#### PROMPT:
Transcribe exactly the lines below that begin at the line with "it's tonight,yeah,yeah |" and stop after the line with "央廣網(wǎng)河南分網(wǎng)消", leaving out every picture.

** RECORDS FOR THE TASK follows **

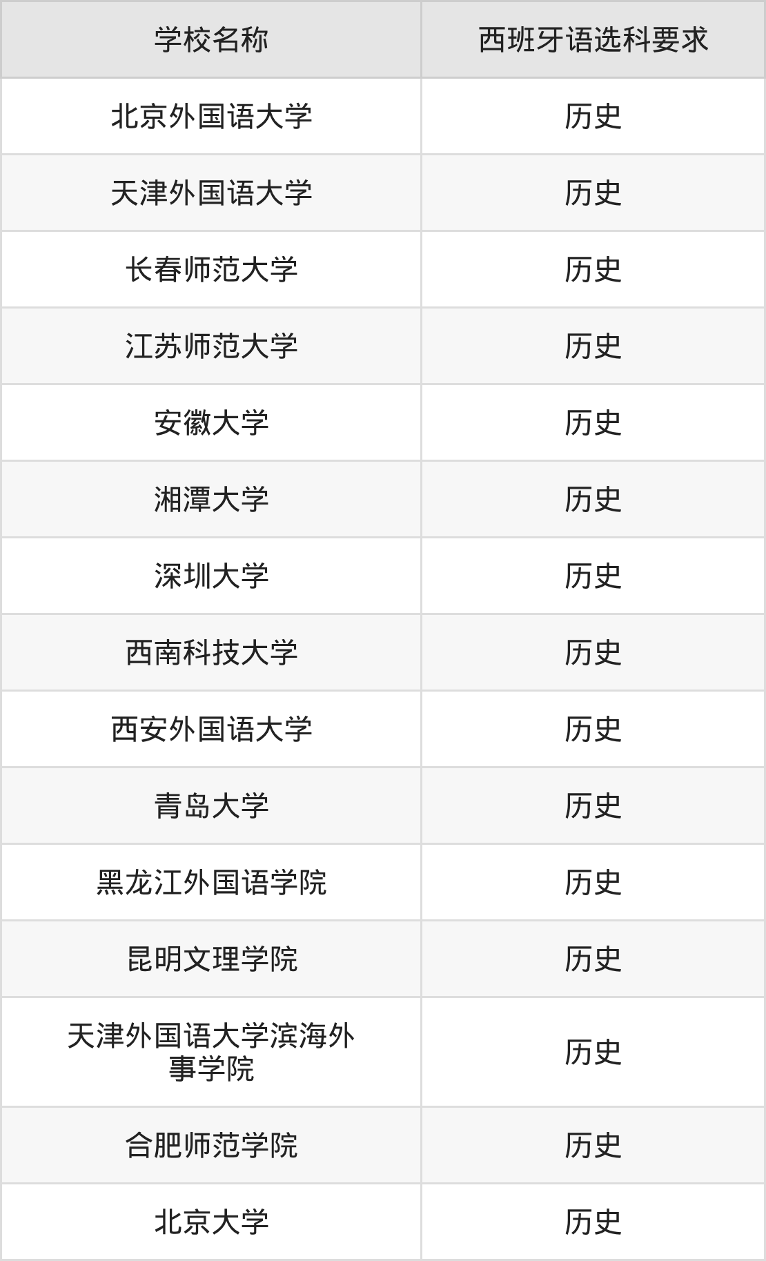 如果你是高中选了“物理、化学、生物”的学生,未来想读西班牙语专业,那么便可以考虑选科要求为“物理”的大连外国语大学、北华大学、上海外国语大学、井冈山大学、汕头大学、吉林外国语大学、广东外语外贸大学等学校。
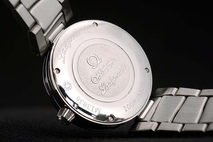 Tillbaka: Polerat rostfritt stål skruvas ned tillbaka med Omega Ladymatic engraving
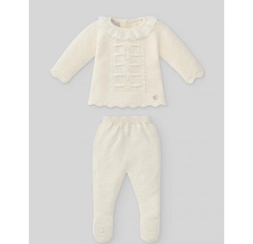 Set Paz Rodrรฌguez in lana per neonato; maglia con scollo rotondo, chiusura posteriore con bottoni e pantaloni morbidi in maglia liscia con piede.
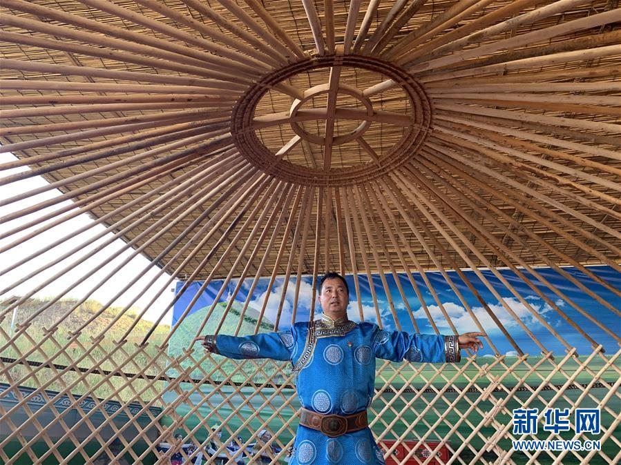 7月17日,布仁巴雅爾在展示蒙古包制作過程中搭設(shè)完成的頂桿。新華社記者 王靖 攝
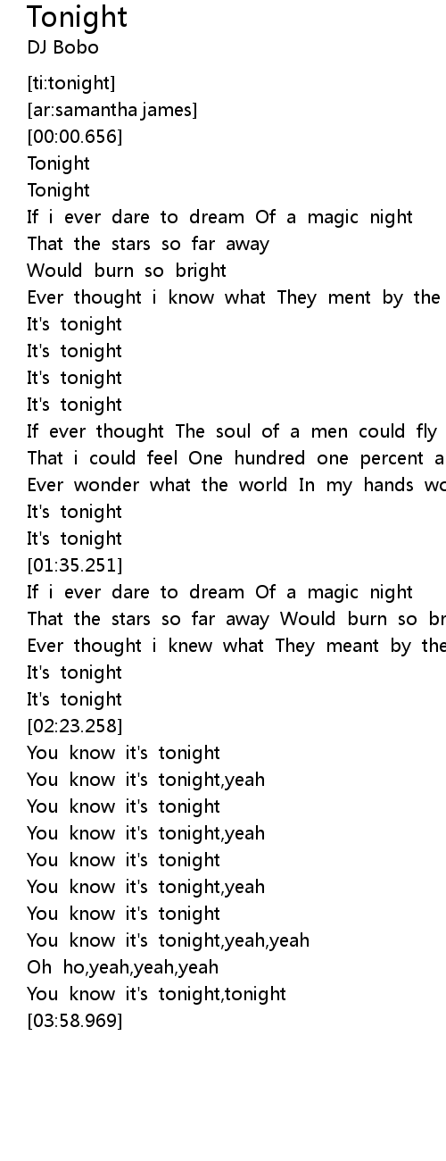 | [03:22.191] | You know it's tonight,yeah,yeah |
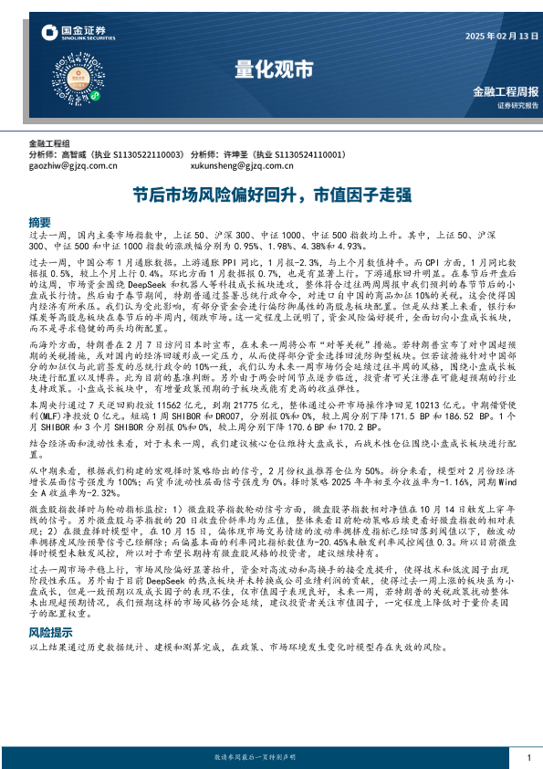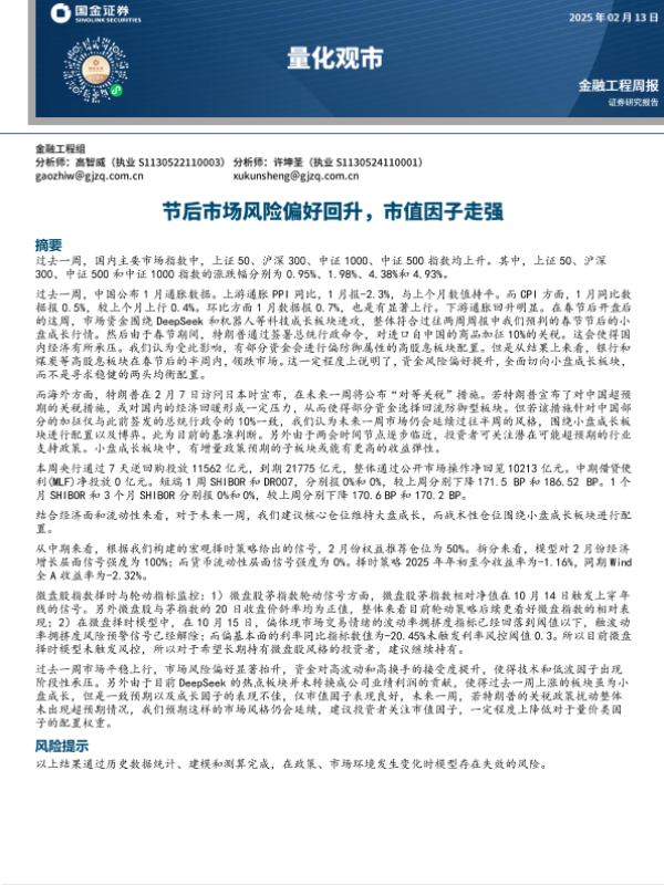【国金证券】【20250213】量化观市:节后市场风险偏好回升,市值因子走强-11页
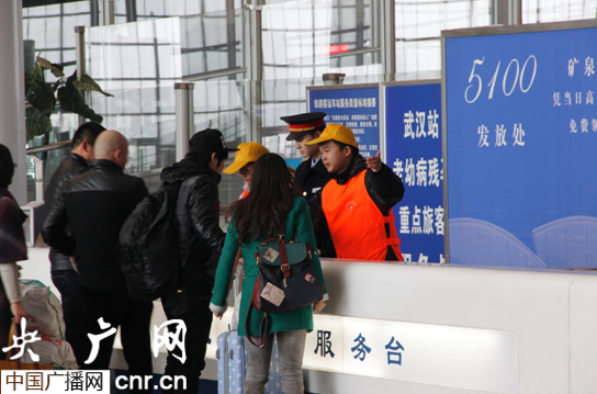 央廣網(wǎng)河南分網(wǎng)消息 1月16日,武漢鐵路職業(yè)技術(shù)學(xué)院“力挺”武漢2014年春運(yùn)工作,100余名大學(xué)生參加了武漢站、武昌站、漢口站的鐵路春運(yùn)志愿服務(wù)工作。
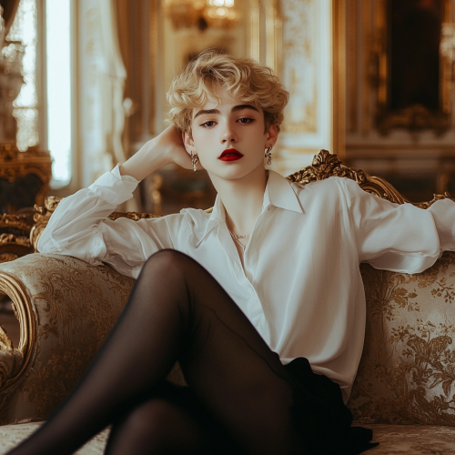 In the photo, a beautiful 16-year-old man with short blond curls, earrings in his ears, with lipstick on his lips in a white blouse, in dark, transparent tights and in dark high heels sits on a sofa against the background of a hall in a palace
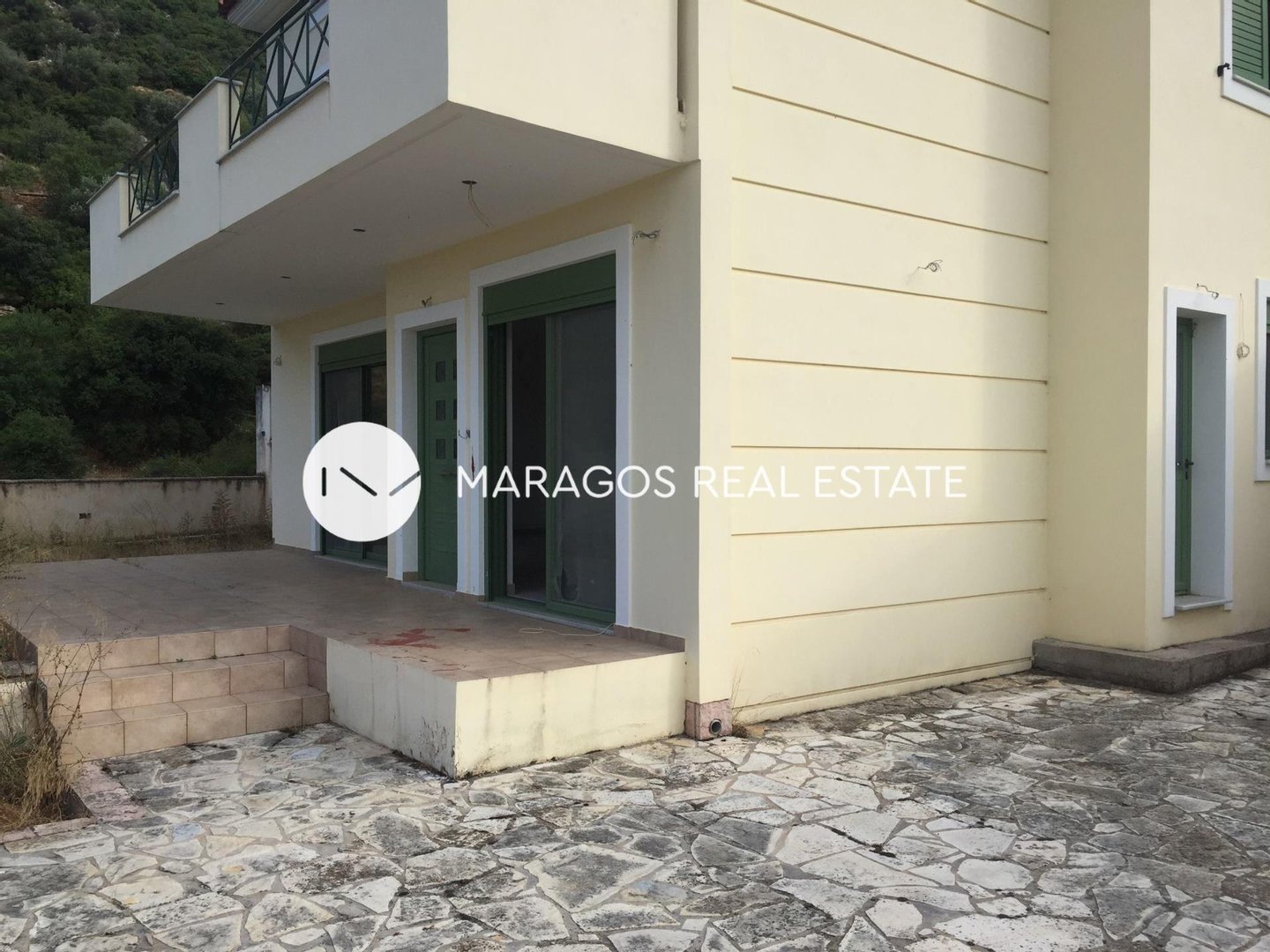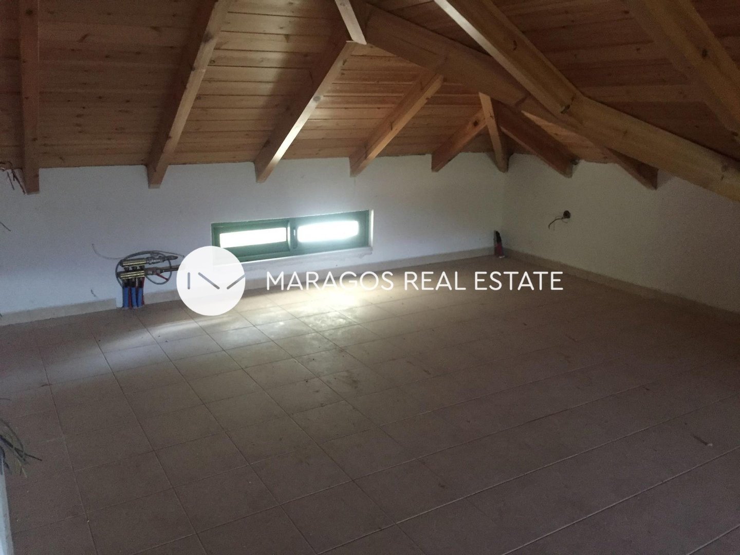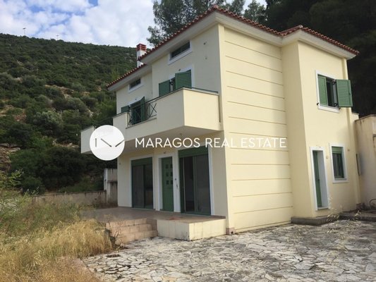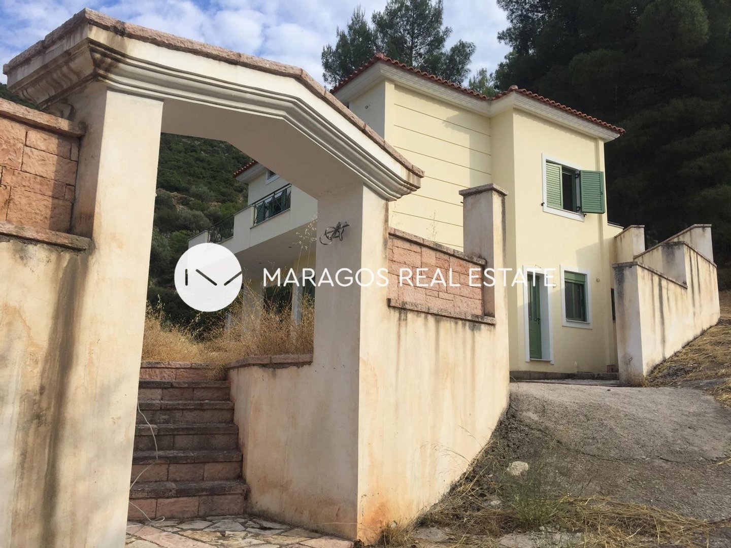 Argolis - Schinochori, in einer grünbewaldeten Gegend, steht ein Einfamilienhaus mit einer Gesamtfläche von 180 m² zum Verkauf. Es besteht aus: a) Erdgeschoss 60 m², das das Wohnzimmer, die Küche, den Abstellraum der Küche und ein Bad umfasst, während von den großen Öffnungen des Wohnzimmers Zugang zur Terrasse und dem Garten des Hauses besteht. b) erster Stock (1. Stock) 60 m², der drei (3) Schlafzimmer, ein Bad und einen geräumigen Balkon umfasst. c) Dachboden 60 m², der aus einem großen Raum und einem WC besteht. Alle Ebenen sind über eine Innentreppe miteinander verbunden und bieten einen ungehinderten Blick auf die Argolischen Ebene. Es ist unvollständig und befindet sich im Zustand, in dem es Fliesen, Aluminiumfenster mit Doppelverglasung und Insektenschutzgitter hat, autonome Ölheizung für jede Ebene des Hauses separat und einen Kamin. Es steht auf einem Grundstück von 480 m², das als Hof mit Garten und Parkplätzen gestaltet ist. Vollständig fertiggestellt, wird zum Preis von 190.000 Euro angeboten.
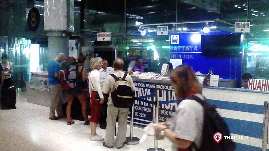 По пути, не доходя до фудкорта, прямо у выхода №8 с правой стороны видим заветную автобусную кассу, где можно приобрести билет до Паттайи и не только. Касса выглядит вот так:
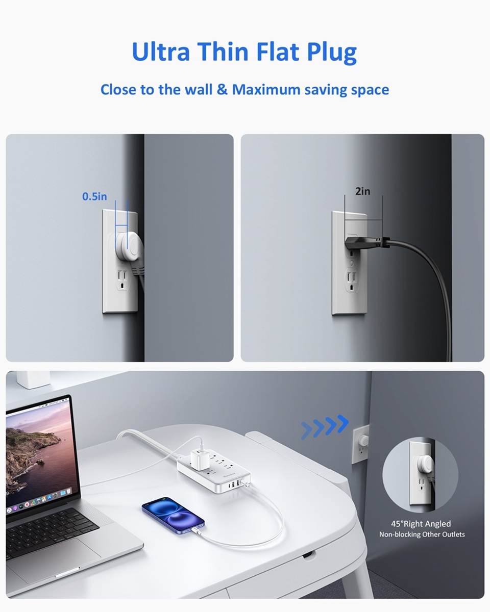 • Space-Saving Flat Plug – 45° angled ultra-slim flat plug fits behind furniture and tight spaces without blocking adjacent outlets, providing a clean, unobtrusive look.
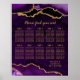 Welcome guests in style with this purple and gold agate marble wedding seating chart, designed to make a striking statement at your reception. Rich jewel-toned purples, organic stone-inspired patterns, and luminous gold accents create a refined and dramatic display ideal for fall or winter weddings. The deep amethyst palette paired with metallic gold detailing complements elegant, modern, and glamorous celebrations while enhancing your décor. This seating chart is formatted for 10 tables and can be fully customized to accommodate additional tables, guest counts, and layout preferences, ensuring a seamless fit for your wedding day.
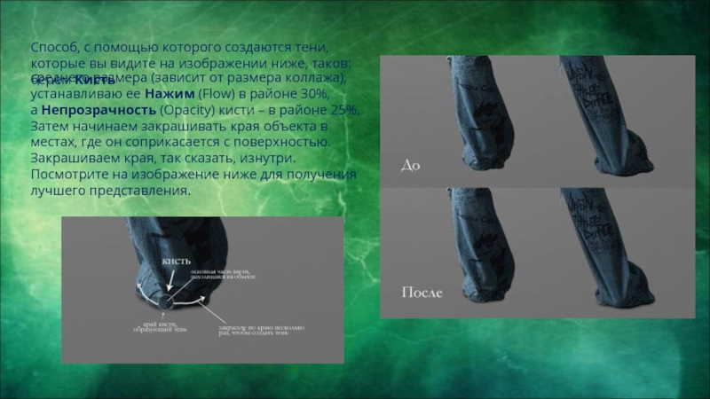 устанавливаю ее Нажим (Flow) в районе 30%, а Непрозрачность (Opacity) кисти – в районе 25%. Затем начинаем закрашивать края объекта в местах, где он соприкасается с поверхностью. Закрашиваем края, так сказать, изнутри. Посмотрите на изображение ниже для получения лучшего представления.

** End of RECORDS FOR THE TASK **

#### EXERCISE SOLUTION:
 | [03:22.191] | You know it's tonight,yeah,yeah |
【国金证券】【20250213】量化观市:节后市场风险偏好回升,市值因子走强-11页
 央廣網(wǎng)河南分網(wǎng)消息 1月16日,武漢鐵路職業(yè)技術(shù)學(xué)院“力挺”武漢2014年春運(yùn)工作,100余名大學(xué)生參加了武漢站、武昌站、漢口站的鐵路春運(yùn)志愿服務(wù)工作。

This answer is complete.